As National American Indian Heritage Month continues, the First Nations Education and Cultural Center sponsored events designed to spread awareness about Native American society and culture.

On Saturday, the center sponsored a basket weaving workshop in the Neal-Marshall Black Culture Center. Those in attendance were taught by Cherokee Nation member and associate professor emeritus of folklore John W. Johnson.

“In contemporary society, material culture, dancing, regalia (and) craft making are some of the only remaining aspects of American Indian culture,” FNECC Director Brian Gilley said. “Thus, it is a way ... for people of Native ancestry to have an aspect of it in their lives.”
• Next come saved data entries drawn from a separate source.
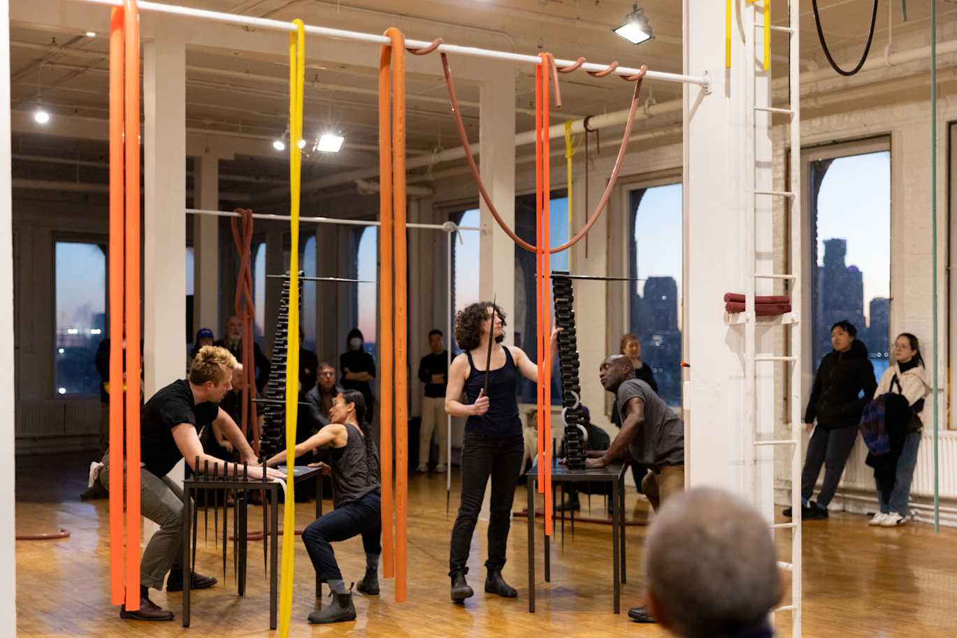 In this iteration, two towers of metal tubes are each capable of supporting metal spikes and rotating in place. Long, fleshy rubber ropes are inserted, spooled and twisted through the sculpture by dancers engaging with the objects and each other in a series of methodical tasks performed with workerly precision. The evolving patterns of action and design explore the tensions between work and product, danger and intimacy, absurdity and purpose, soft and hard, in and out. This serves to complicate expectations of clear, binary contrasts often raised in gendered conversations about physical bodies.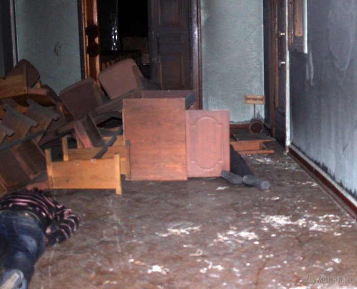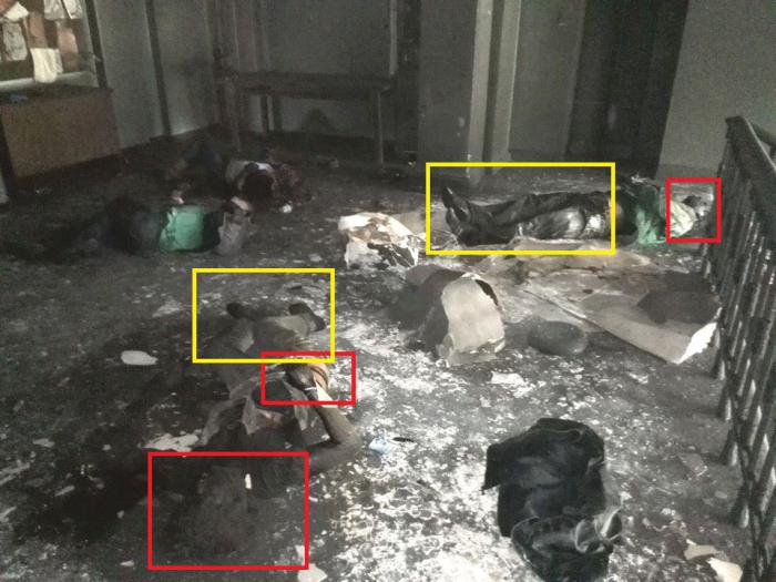 Горната снимка и долната са заснети под различен ъгъл. Обърнете внимание, че тук има дървени материали, които не са изгорели. Абсурдно е тези хора да са умрели на това място и причината да е била пожар. Парапета е дървен, радиатора не е обгорял, столове, маси от дърво не са били докоснати от огъня... Каква е тази барикада? Най-вероятно е направена за да блокират пътя към горните етажи на хората търсещи спасение от въоръжените и кръвожадни убийци, които са нахлули под прикритие...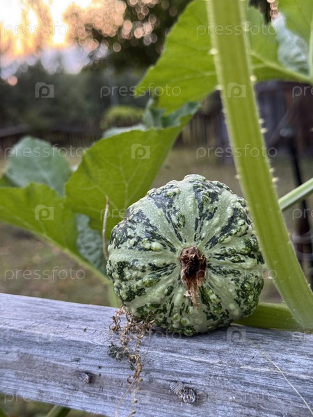Маленькая декоративная тыква. зеленая. выращивается в саду. близко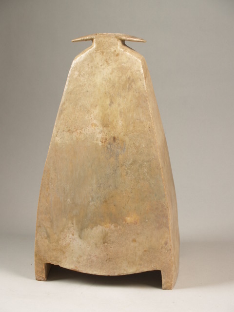 Hoge vaas op 2 pote met vrijwel rechthoekige basis, taps toelopend naar korte hals met uitlopende driehoekige flappen. Overdekt met beige-bruin glazuur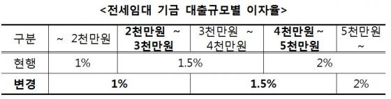 지금까지 기금 대출액 기준 △2000만 원 이하(연 1%) △4000만 원 이하(연 1.5%) △4000만 원 초과(연 2%)의 임대료를 납부해야 했다. 하지만 오는 10월부터 3000만 원까지 연이율 1%, 5000만 원까지 연 1.5%의 이자율이 적용된다.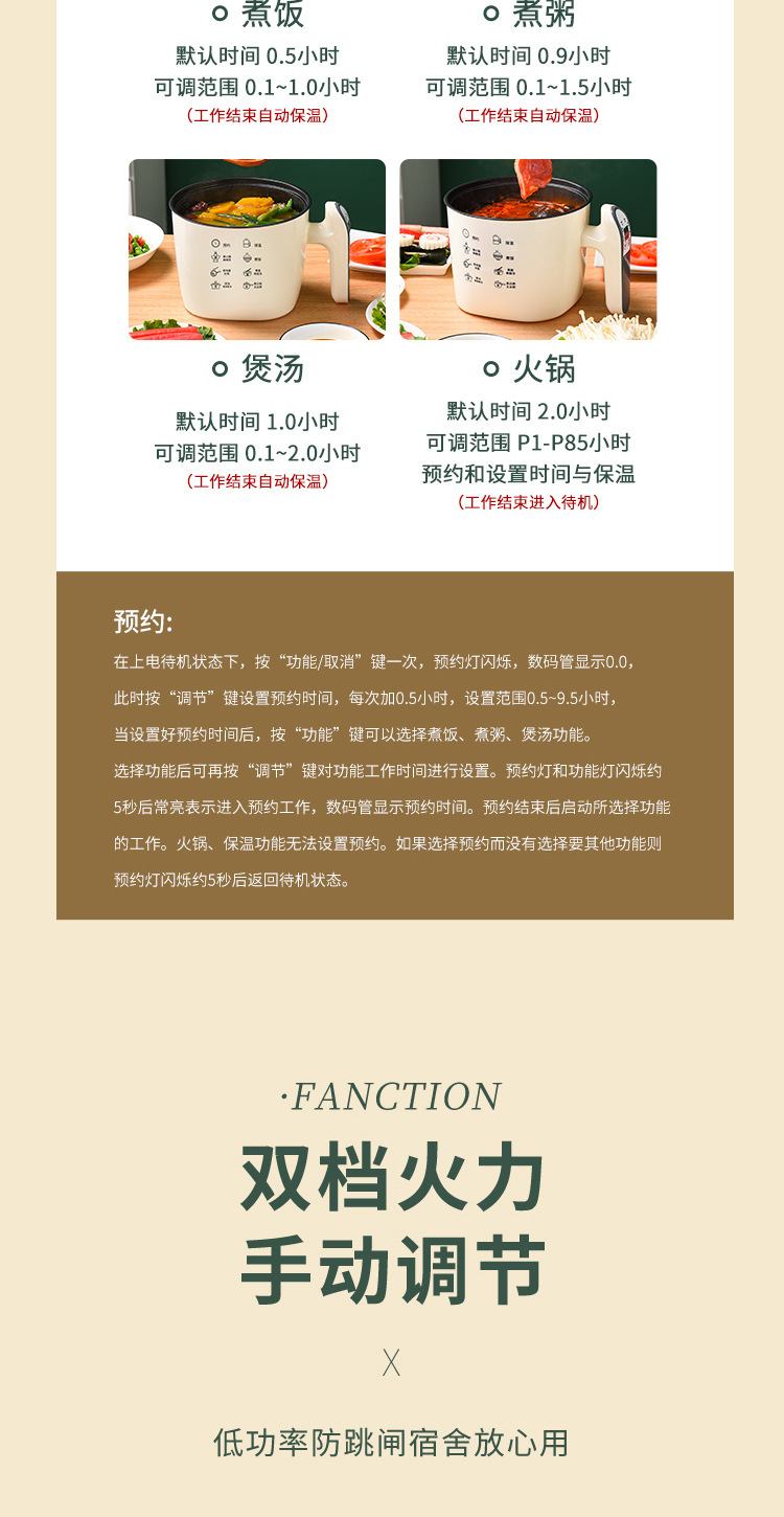 다기능 학생 밥솥, 스마트 전기 밥솥, 가정용 전기 밥솥, 밥, 죽, 요리, 기숙사 사용자 1~2명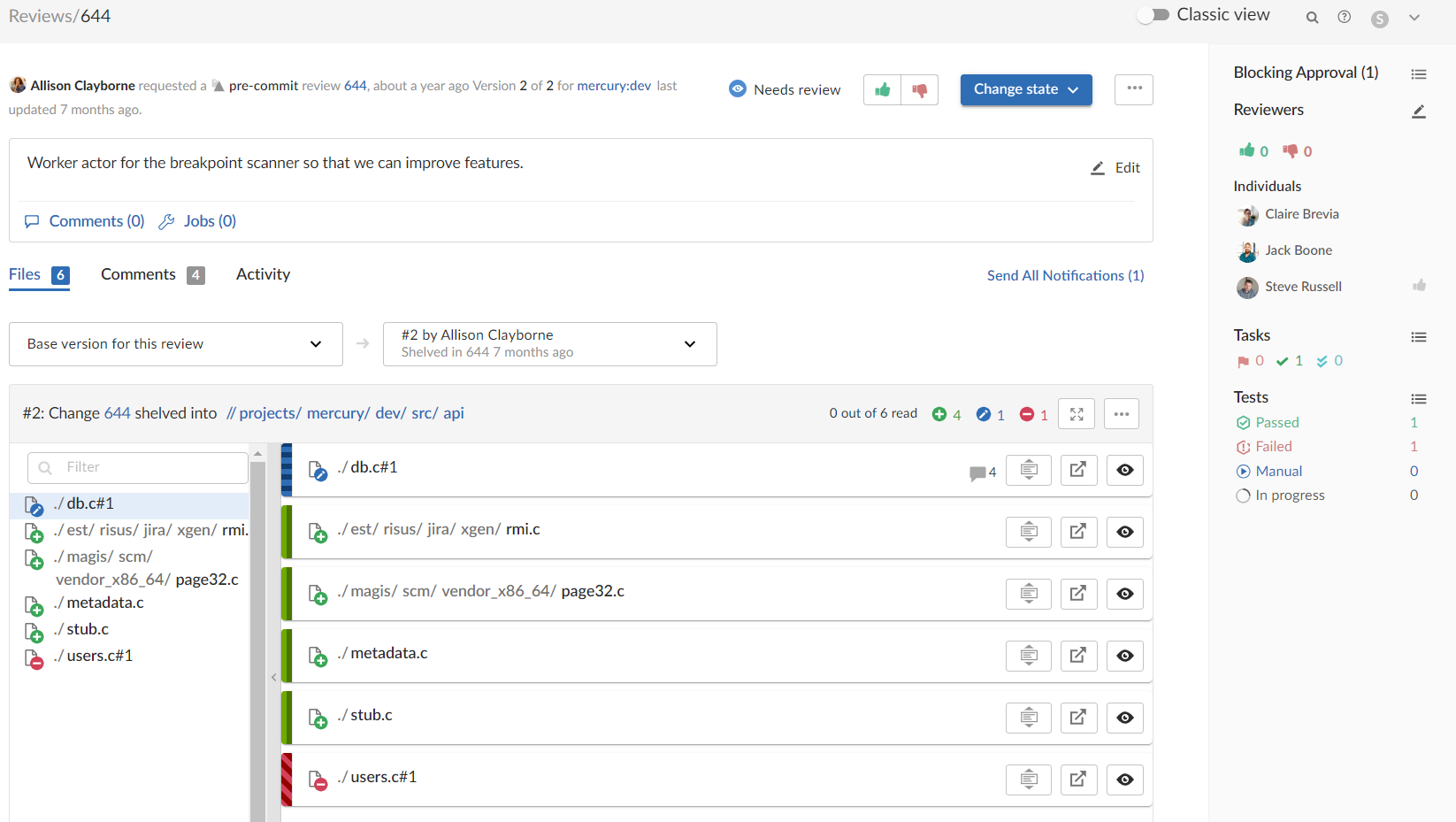 - Tests (if configured): displays the test results for the current review version in the information panel

Johnson spent the majority of Saturday afternoon guiding participants through the process of making traditional western Cherokee double-wall baskets. Participants wove flexible water-soaked reeds together.

“This is an ethnic art,” Johnson said. “We tend to call it craft, but craft really is mechanical. Art is more than craft. Art is beauty.”

One participant, Bloomington resident Diane Pelrine, stayed close to Johnson as he guided participants through the five-step technique.

“The process seems simple enough, but it can get difficult keeping a good shape for your basket,” she said. “I’m not sure what I’m going to use it for yet, but it’s something interesting to do and a fun, new thing to learn.”

Johnson said crafts like these have a good deal of significance in how the Cherokee remember loved ones who have passed on to the next world.

“The spirits of my ancestors are in these baskets,” he said. “This is a way for me to commune with my ancestors.”

The day was filled with talks about culture, community and friendship.

“Material culture is a perfect medium to communicate the importance of culture to outsiders, generate respect and educate,” Gilley said. 

Gilley, who is of Native American descent, said he hoped many new ideas would be taken away from the events of National American Indian Heritage Month.

“Native people are a diverse and contemporary people always seeking to ground themselves in autonomy and community preservation,” Gilley said. “We are not simply about our struggles and our history but about the various futures we seek for ourselves and other people.”